WORK ORDER
The lines below, from the one containing "Nardi. 2017). |" through the one containing "- Limit $40", should be set down exactly, with no pictures and nothing else.

EXCERPTED RECORDS
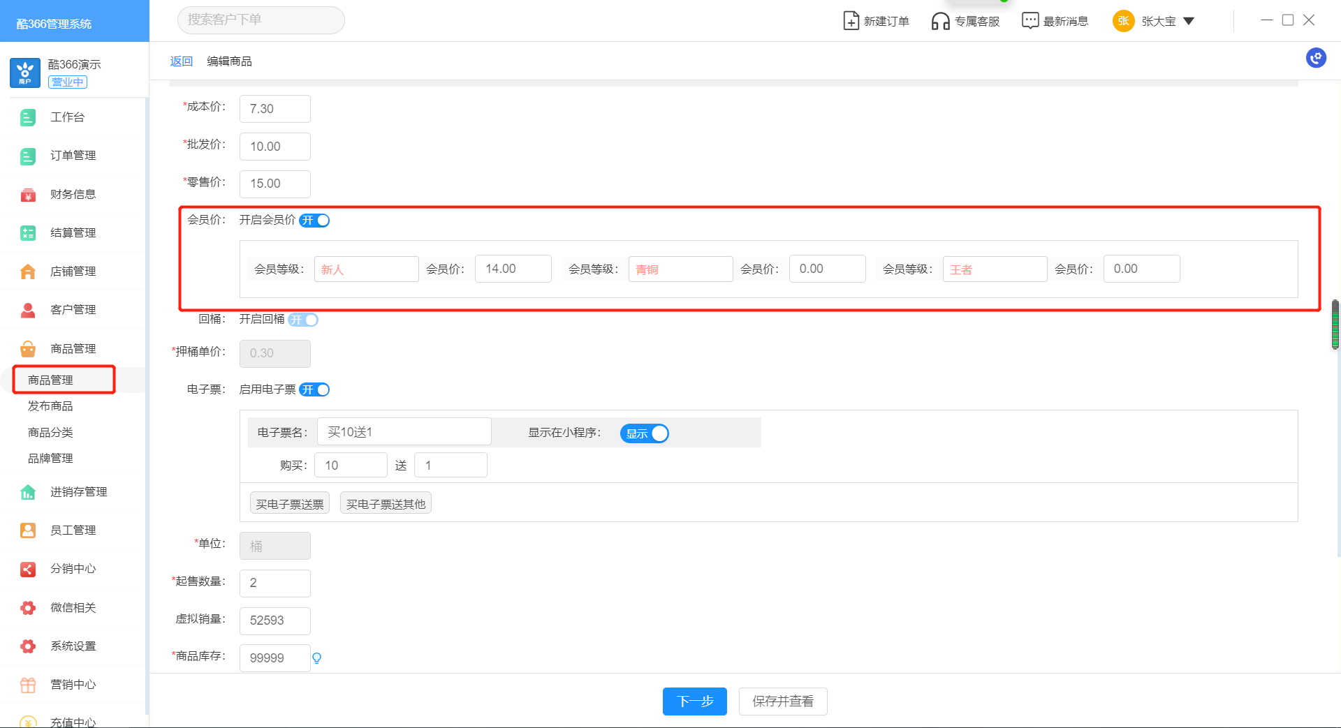 1、进入商城商品管理 2、选择店铺再选择商品库(发布重点) 3、依次填写商品信息并开启电子票 4、商品上架并显示在...
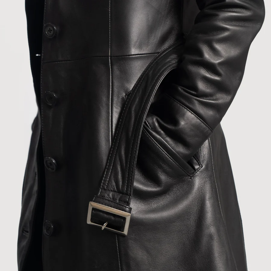 The moonlight black leather trench coat is a graceful and sleek piece that showcases a classic style for all the individuals who love to style comfort with grace.
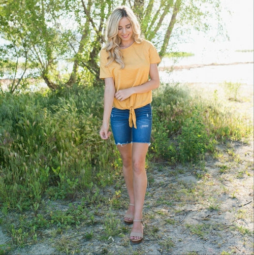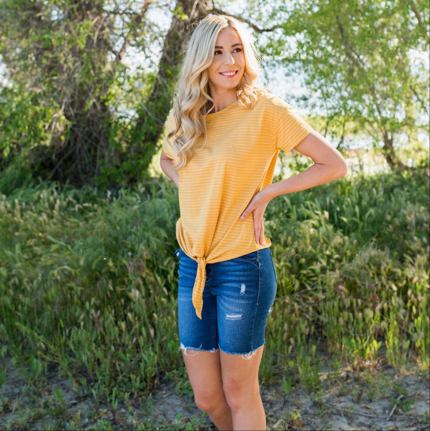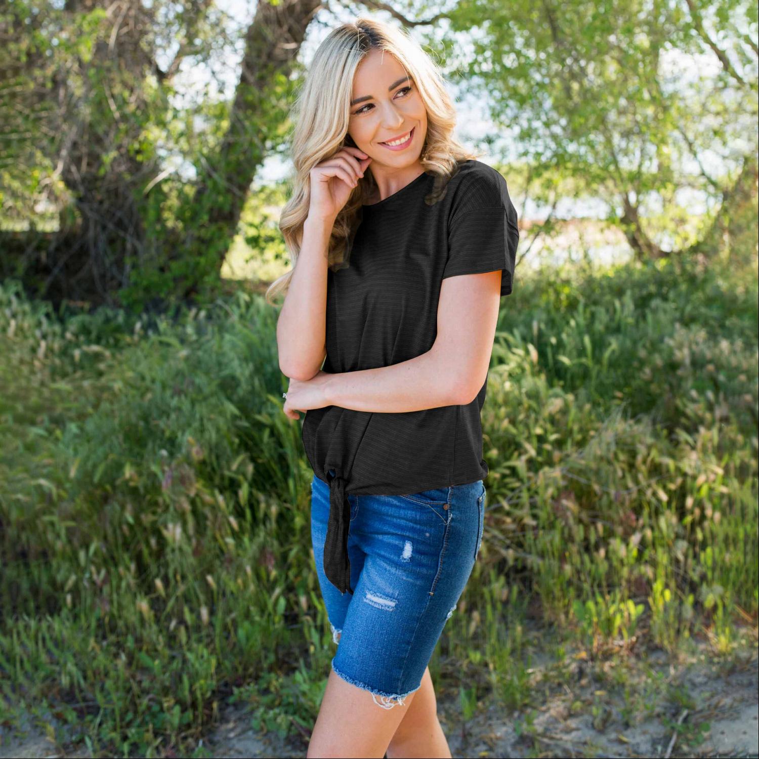Este top holgado de punto básico en tonos sólidos se ata en la parte delantera y combina perfectamente con jeans o pantalones cortos de mezclilla.
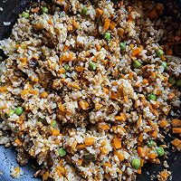 做法图解4:加香菇沫豌豆胡萝卜沫炒香加入二勺东古一品鲜酱油入味
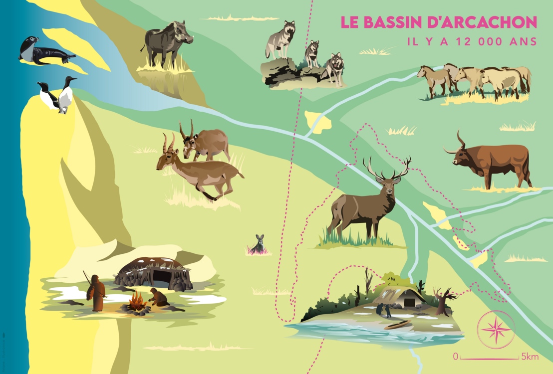 La boîte « Le Bassin d’Arcachon – 12 000 ans d’histoire » contient 3 puzzles illustrant les paysages de ces trois périodes et une notice explicative apportant des informations complémentaires issues des travaux scientifiques disponibles.
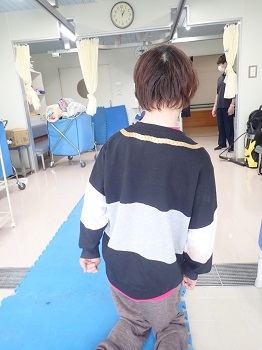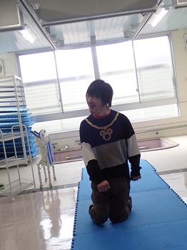 担当の支援員Mさんと一緒にジャイアンツの曲をかけて頑張っていました。
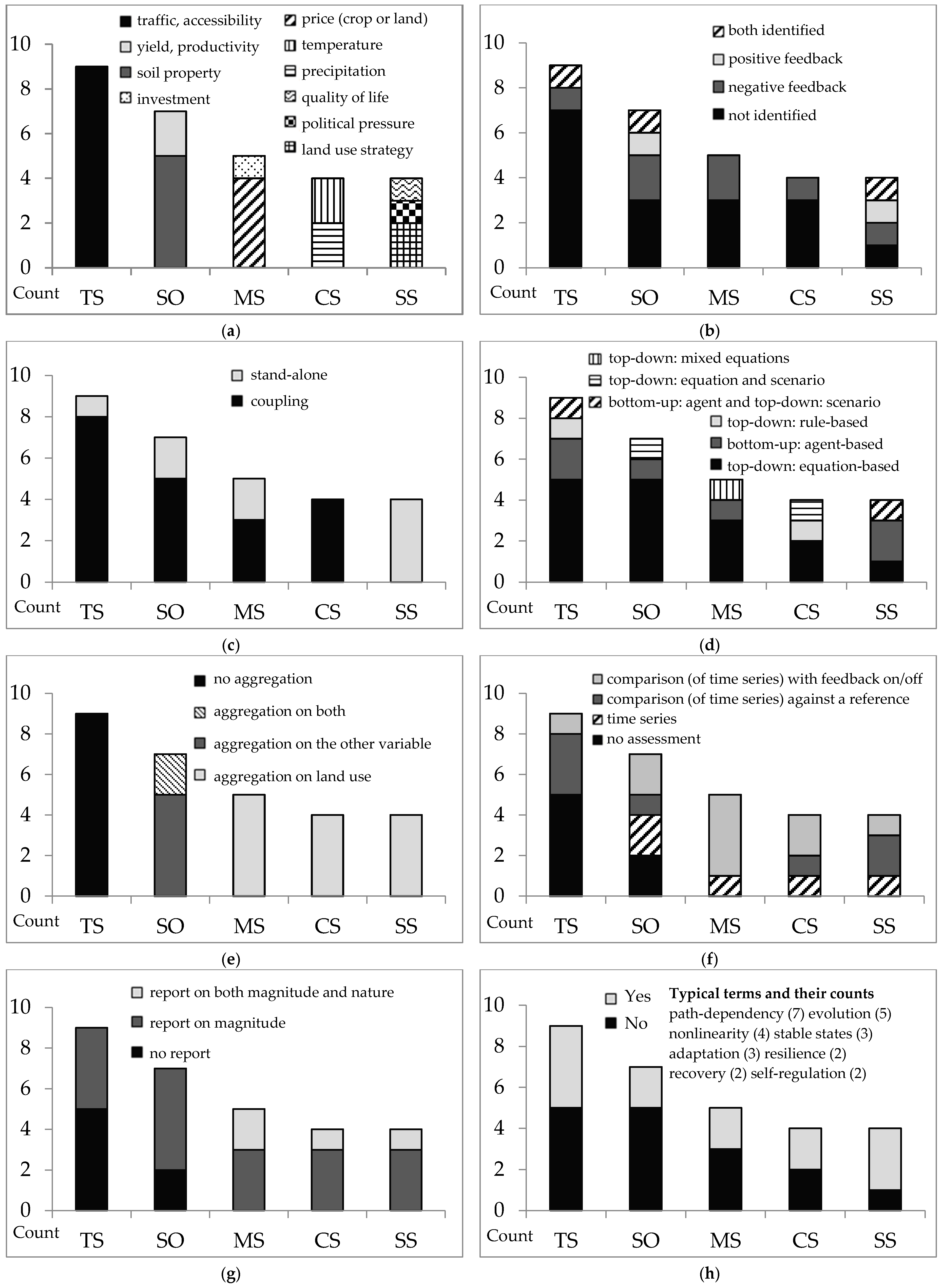 (a–h). Representation of feedbacks in the reviewed models, according to the related systems addressed. Note (1) TS: transport system, SO: soil system, MS: market system, CS: climate system, and SS: social system; (2) Cases that discussed feedbacks only conceptually without implementing them in a computational model are omitted. (a) major ‘variables linked’; (b) feedback character; (c) how feedbacks were made operational; (d) modelling techniques; (e) discretisation of space; (f) assessment of feedback effects on the land system; (g) classification of reported land system response; (h) use of complex system terms to describe model outcome.
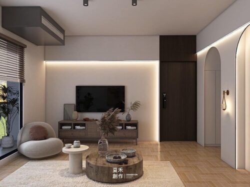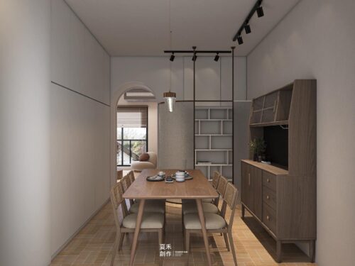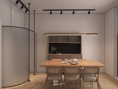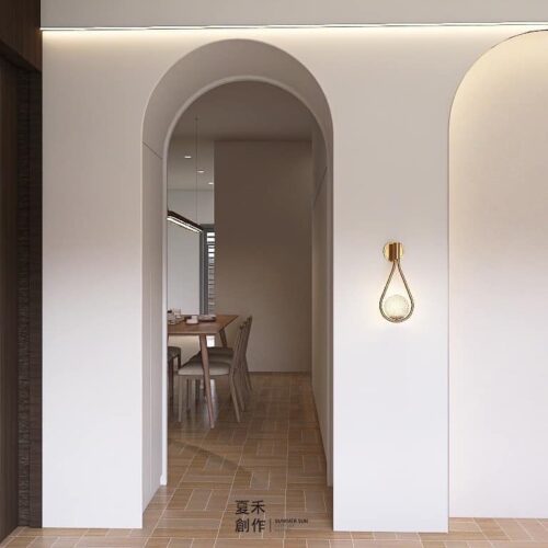 不修邊幅的線條是構造形態的基礎,拱門與半拱門、馬蹄狀的門窗、白牆、色彩明度低、線條簡單且修邊圓潤的木質傢俱。圓形拱門串連公區客餐廳的動線,在走動觀賞中,出現延伸般的感覺。
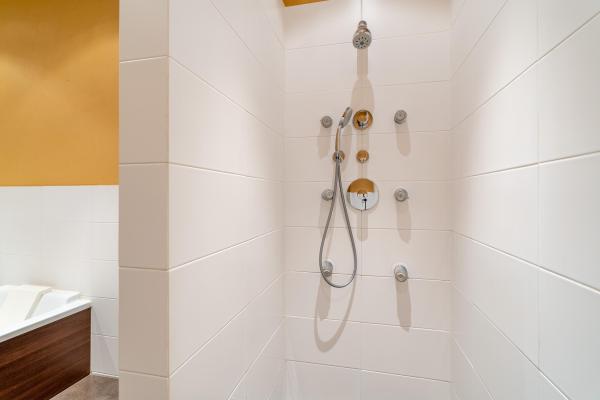 - Ligbad, Toilet, Wastafel, Wastafelmeubel, Inloopdouche, Vloerverwarming, Douche
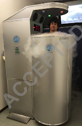 | Figure 4: In contrast to what you would expect from a study assessing the effects of cooling on handgrip strength, the scientists used an expensive whole body cryo-therapy device, the "Space Cabin" by the "Criomed Ltd" (de Nardi. 2017). |
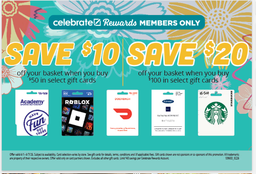 - Limit $40 savings per Celebrate Rewards Account
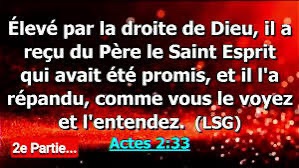 Élevé par la droite de Dieu, il a reçu du Père l’Esprit Saint qui était promis, et il l’a répandu sur nous, ainsi que vous le voyez et l’entendez. »
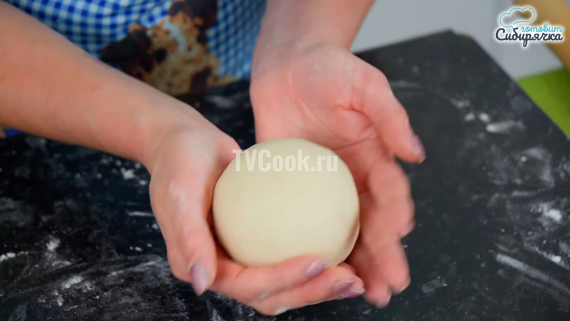 Выкладываем тесто на присыпанный небольшим количеством пшеничной муки стол, после чего слегка его обминаем и формируем.
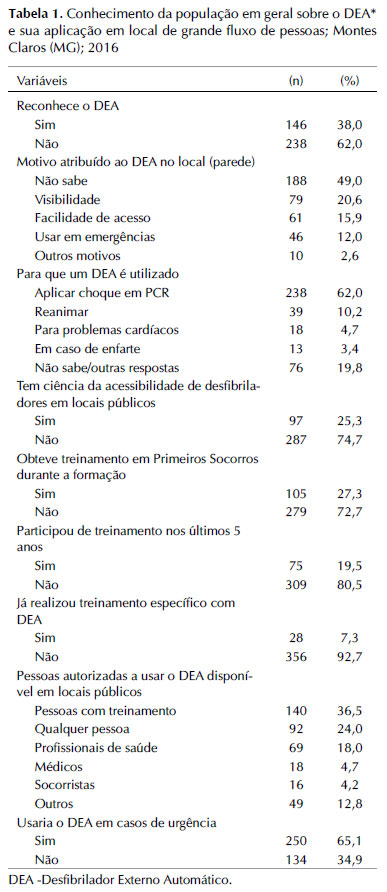 RESULTADOS: Participaram do estudo 384 pessoas, sendo que a maioria da população entrevistada não conseguiu identificar o DEA (62%), porém foi capaz de descrever a sua função. Apenas 19,5% dos entrevistados realizaram treinamentos de primeiros socorros nos últimos 5 anos e,uma parcela menos ainda (7,3%), realizou treinamentos específicos com o DEA.

RESPONSE BELOW
 | Figure 4: In contrast to what you would expect from a study assessing the effects of cooling on handgrip strength, the scientists used an expensive whole body cryo-therapy device, the "Space Cabin" by the "Criomed Ltd" (de Nardi. 2017). |
 - Limit $40 savings per Celebrate Rewards Account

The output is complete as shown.